Task to complete: Copy verbatim the span of lines beginning at the line that contains "當日,為期3天的第35屆中國" and ending with the final line of the data. Exclude pictures from the copy.

Data excerpt:
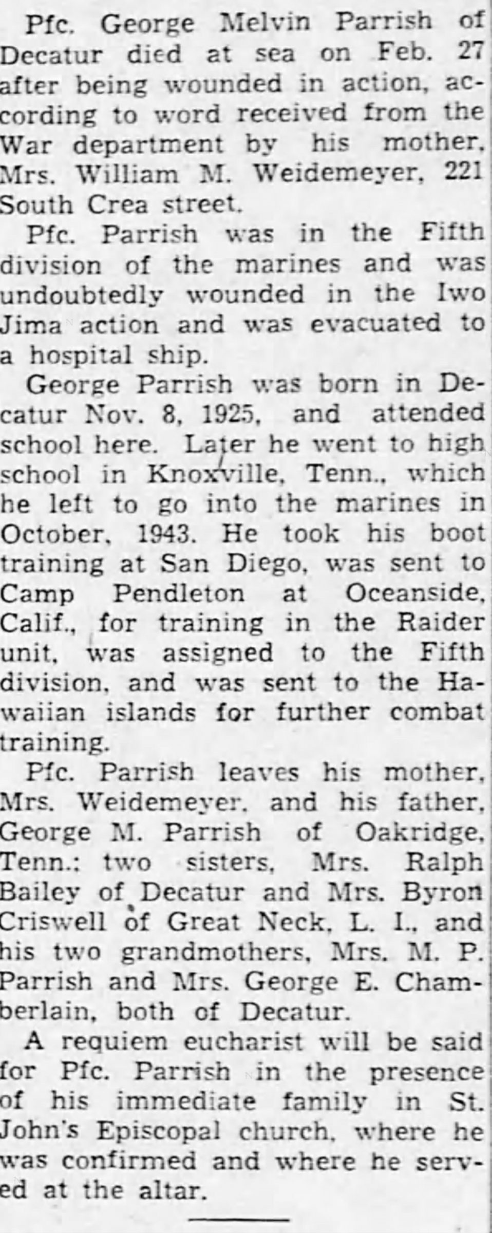 Pfc. Parrish was in the Fifth division of the marines and was undoubtedly wounded in the Iwo Jima action and was evacuated to a hospital ship. George Parrish was born in Decatur Nov. 8, 1925, and attended school here. Later he went to high school in Knoxville, Tenn., which he left to go into the marines in October, 1943. He took his boot training at San Diego, was sent to Camp Pendleton at Oceanside, Calif., for training in the Raider unit, was assigned to the Fifth division, and was sent to the Hawaiian islands for further combat training.
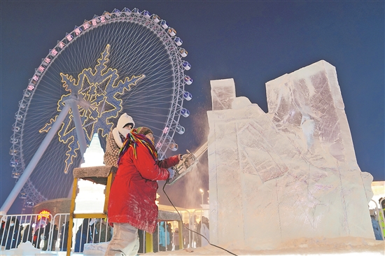 當日,為期3天的第35屆中國·哈爾濱國際冰雕比賽在哈爾濱冰雪大世界園區(qū)開賽。來自世界各地的30余支參賽隊伍同場競技,切磋冰雕技藝。
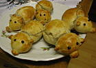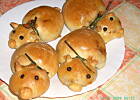 Dziś, zrobiłam chłopcom świnki, do środka włożyłam poprostu dobrą kiełbaskę i żółty ser (drobno pokrojone). Wyszły naprawdę smaczne. Wcześniej robiłam podobne, z tym, że moje główki miały doklejane. Lepszym sposobem, jest oddzianie główki z całości, tak jak w tym przepisie.

Exercise solution:
 當日,為期3天的第35屆中國·哈爾濱國際冰雕比賽在哈爾濱冰雪大世界園區(qū)開賽。來自世界各地的30余支參賽隊伍同場競技,切磋冰雕技藝。
 Dziś, zrobiłam chłopcom świnki, do środka włożyłam poprostu dobrą kiełbaskę i żółty ser (drobno pokrojone). Wyszły naprawdę smaczne. Wcześniej robiłam podobne, z tym, że moje główki miały doklejane. Lepszym sposobem, jest oddzianie główki z całości, tak jak w tym przepisie.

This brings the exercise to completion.